Data items –
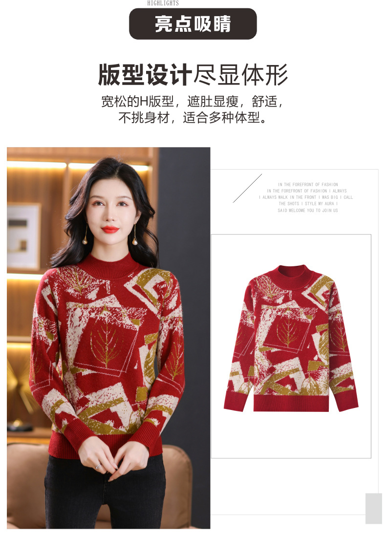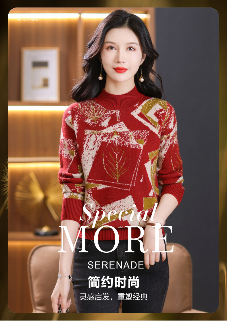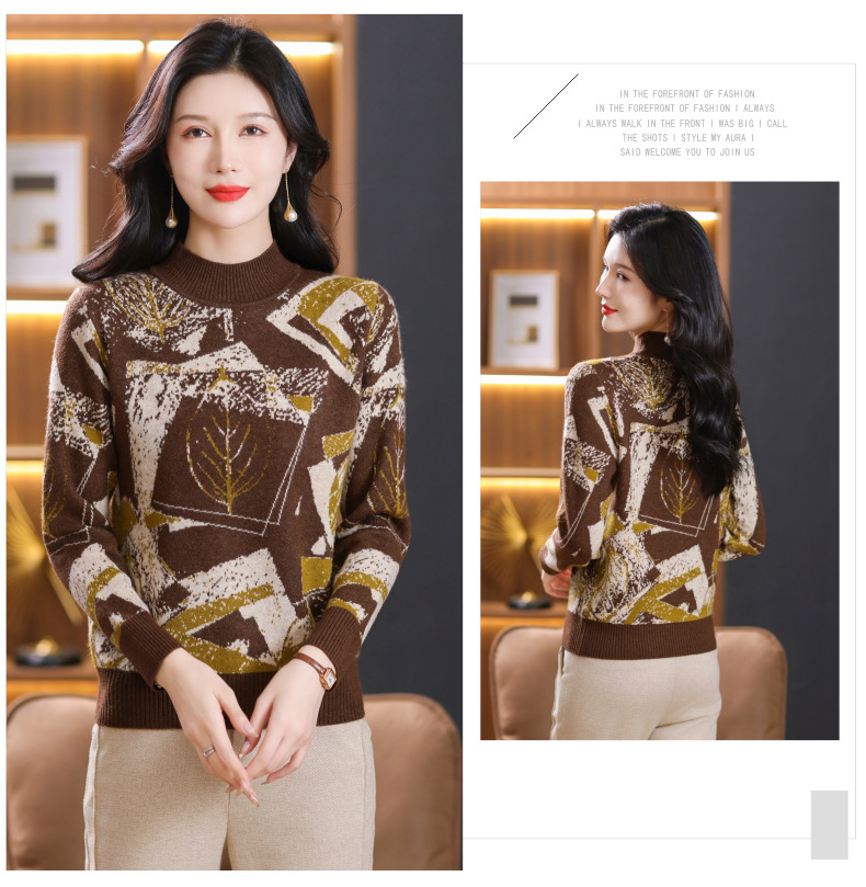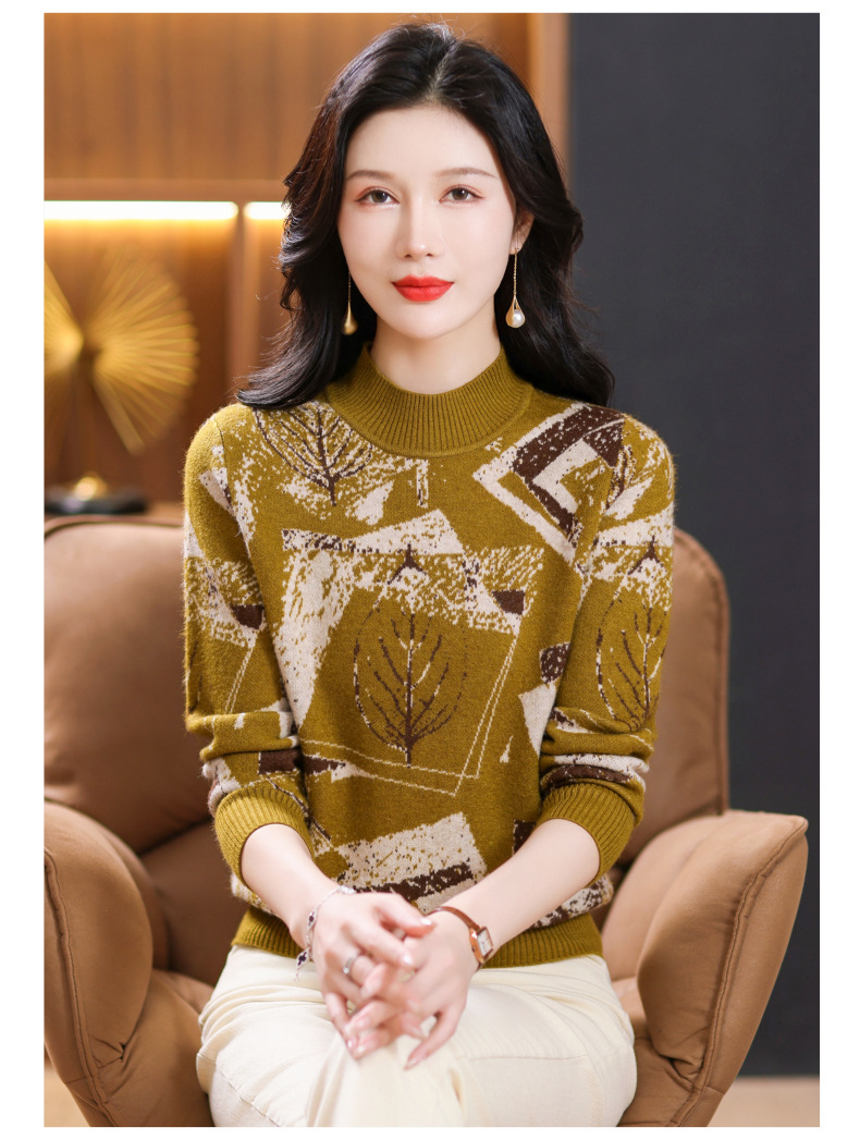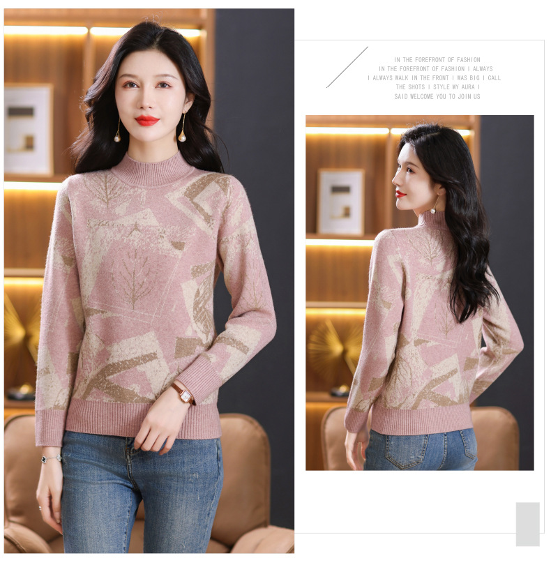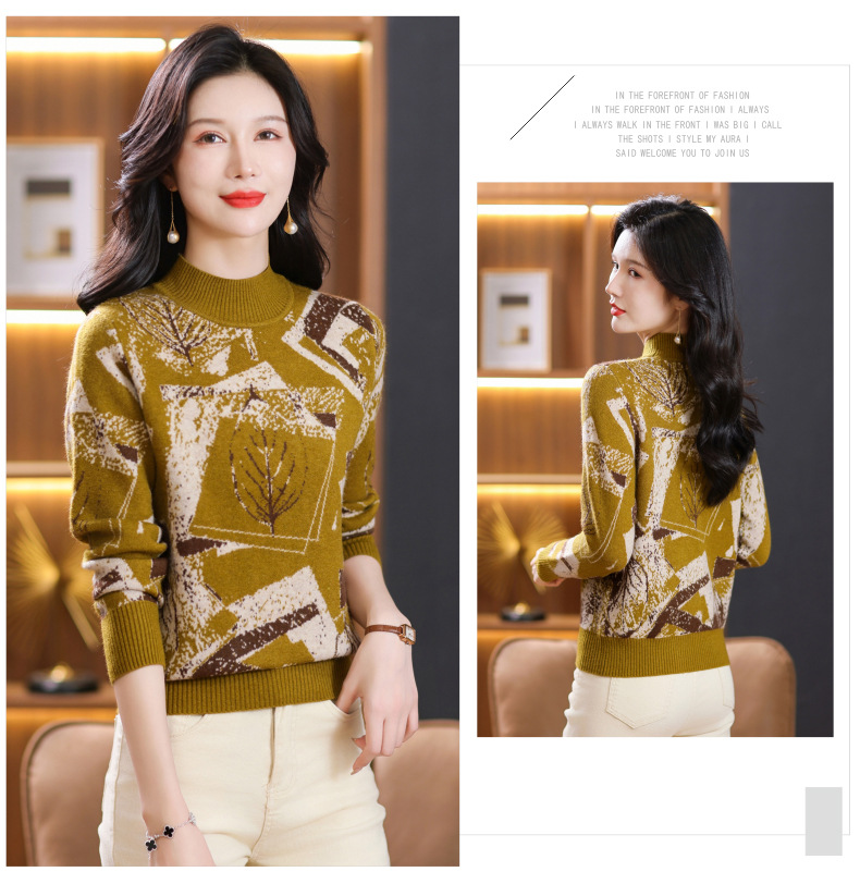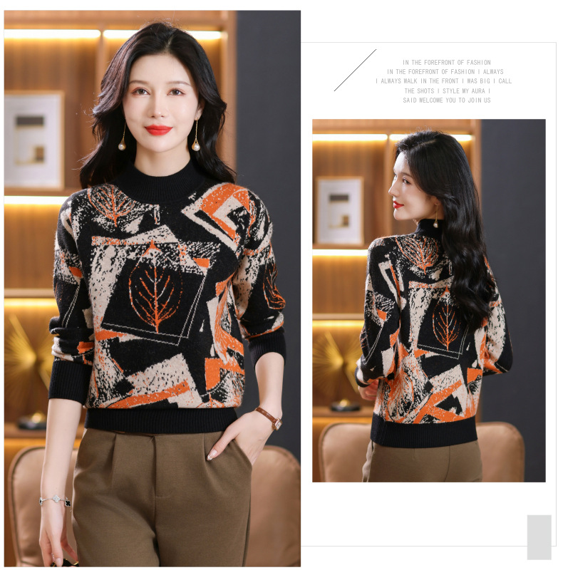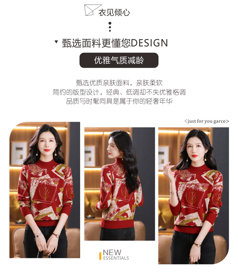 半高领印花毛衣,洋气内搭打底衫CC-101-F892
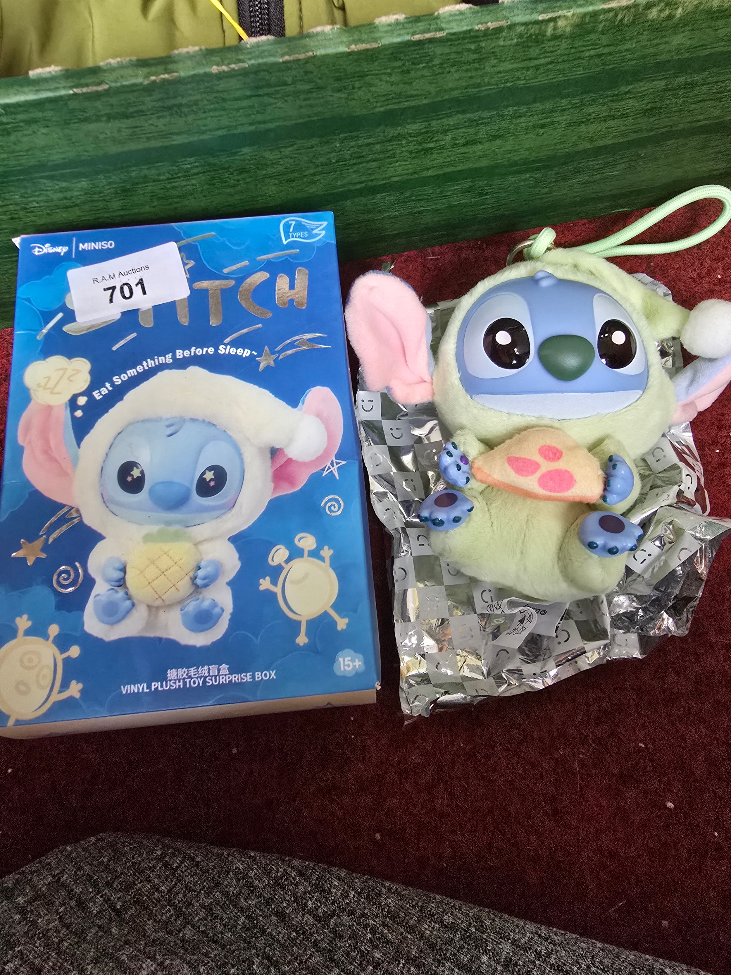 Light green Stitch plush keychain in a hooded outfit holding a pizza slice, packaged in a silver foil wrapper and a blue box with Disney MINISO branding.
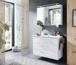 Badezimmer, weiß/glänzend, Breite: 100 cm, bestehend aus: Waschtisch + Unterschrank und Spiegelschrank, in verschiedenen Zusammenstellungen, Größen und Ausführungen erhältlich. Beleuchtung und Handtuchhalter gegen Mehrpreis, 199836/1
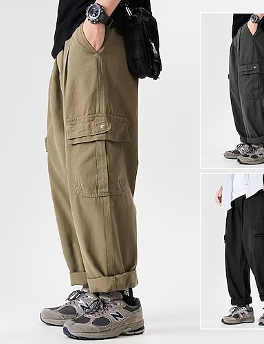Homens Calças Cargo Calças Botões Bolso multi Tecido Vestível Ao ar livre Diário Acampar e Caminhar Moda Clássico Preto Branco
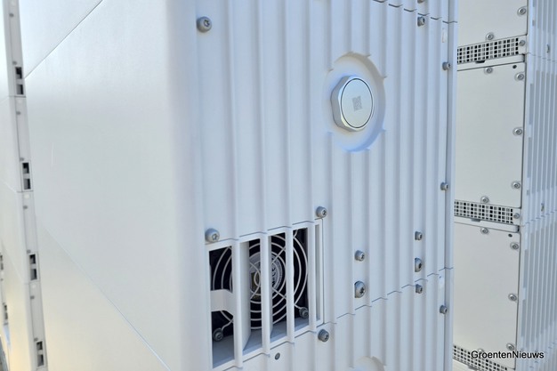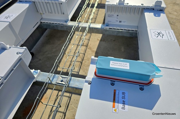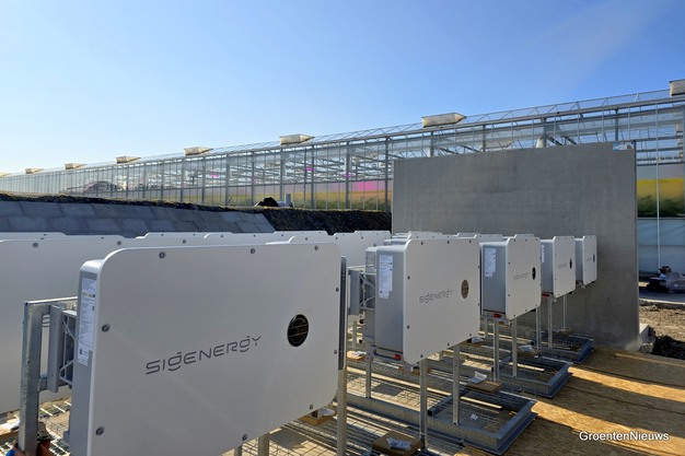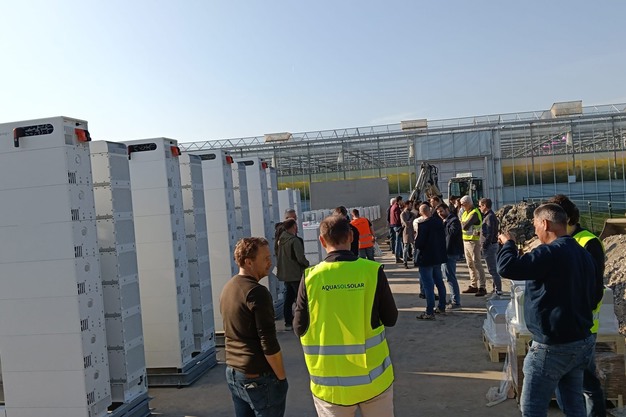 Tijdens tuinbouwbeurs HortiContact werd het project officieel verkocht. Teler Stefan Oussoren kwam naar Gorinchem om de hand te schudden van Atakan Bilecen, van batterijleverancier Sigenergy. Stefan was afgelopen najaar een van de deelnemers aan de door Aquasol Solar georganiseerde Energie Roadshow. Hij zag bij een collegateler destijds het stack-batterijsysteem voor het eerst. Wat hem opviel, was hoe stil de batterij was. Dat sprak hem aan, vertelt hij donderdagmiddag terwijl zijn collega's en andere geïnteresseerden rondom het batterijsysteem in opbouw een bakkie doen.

What the task asks – Exact repeats of the lines from the first one in the data through the line containing "Badezimmer, weiß/glänzend, Breite: 100" make up the answer. Pictures do not.

Exercise answer –
 半高领印花毛衣,洋气内搭打底衫CC-101-F892
 Light green Stitch plush keychain in a hooded outfit holding a pizza slice, packaged in a silver foil wrapper and a blue box with Disney MINISO branding.
 Badezimmer, weiß/glänzend, Breite: 100 cm, bestehend aus: Waschtisch + Unterschrank und Spiegelschrank, in verschiedenen Zusammenstellungen, Größen und Ausführungen erhältlich. Beleuchtung und Handtuchhalter gegen Mehrpreis, 199836/1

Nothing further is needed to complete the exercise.